* _Assigned task_: The data below contains pictures, which are to be skipped; the lines starting at the line with "suspension centrale SUPER" and ending at the line with "13号棟:北4.5m /1号棟:南4.5m 北西4m |" are to be output exactly, both ends included.

* _Data for review_:
--- START ---
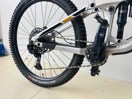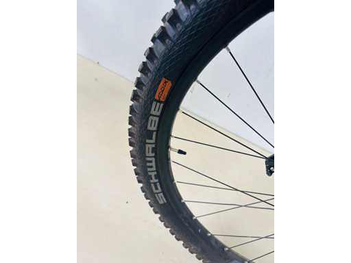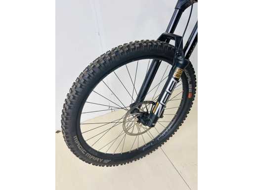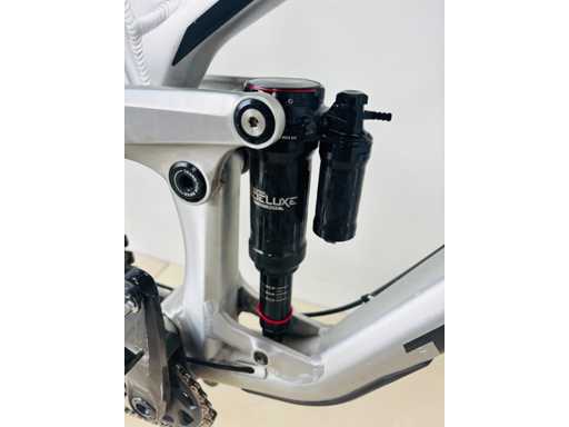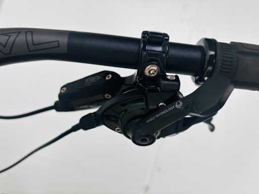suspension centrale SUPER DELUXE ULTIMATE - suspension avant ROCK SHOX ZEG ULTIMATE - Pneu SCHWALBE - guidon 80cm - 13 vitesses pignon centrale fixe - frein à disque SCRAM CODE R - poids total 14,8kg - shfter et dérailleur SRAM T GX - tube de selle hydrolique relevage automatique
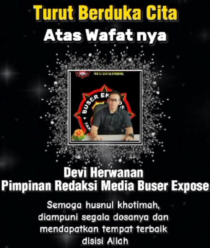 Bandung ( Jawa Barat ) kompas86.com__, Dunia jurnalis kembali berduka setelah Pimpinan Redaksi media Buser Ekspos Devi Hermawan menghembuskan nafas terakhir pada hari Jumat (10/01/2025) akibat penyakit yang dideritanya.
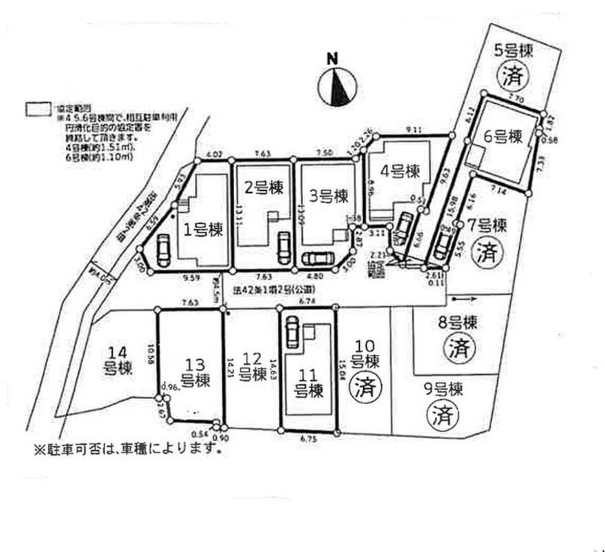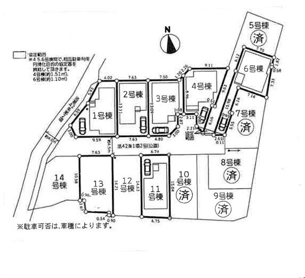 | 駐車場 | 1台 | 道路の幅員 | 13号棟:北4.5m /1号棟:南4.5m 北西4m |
--- END ---
--- START ---
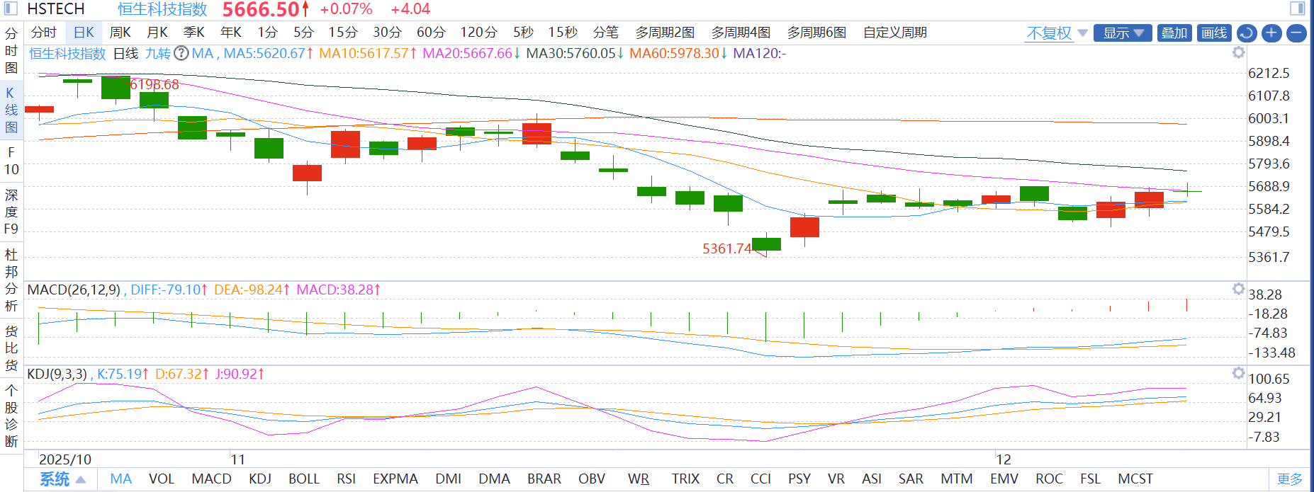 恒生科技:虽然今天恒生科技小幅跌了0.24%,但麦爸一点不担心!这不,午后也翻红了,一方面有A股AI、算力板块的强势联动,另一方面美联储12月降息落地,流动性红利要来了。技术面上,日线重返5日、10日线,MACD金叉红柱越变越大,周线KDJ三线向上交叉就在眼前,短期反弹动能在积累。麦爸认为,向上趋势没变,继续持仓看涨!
--- END ---
* _Solution to this exercise_:
suspension centrale SUPER DELUXE ULTIMATE - suspension avant ROCK SHOX ZEG ULTIMATE - Pneu SCHWALBE - guidon 80cm - 13 vitesses pignon centrale fixe - frein à disque SCRAM CODE R - poids total 14,8kg - shfter et dérailleur SRAM T GX - tube de selle hydrolique relevage automatique
 Bandung ( Jawa Barat ) kompas86.com__, Dunia jurnalis kembali berduka setelah Pimpinan Redaksi media Buser Ekspos Devi Hermawan menghembuskan nafas terakhir pada hari Jumat (10/01/2025) akibat penyakit yang dideritanya.
 | 駐車場 | 1台 | 道路の幅員 | 13号棟:北4.5m /1号棟:南4.5m 北西4m |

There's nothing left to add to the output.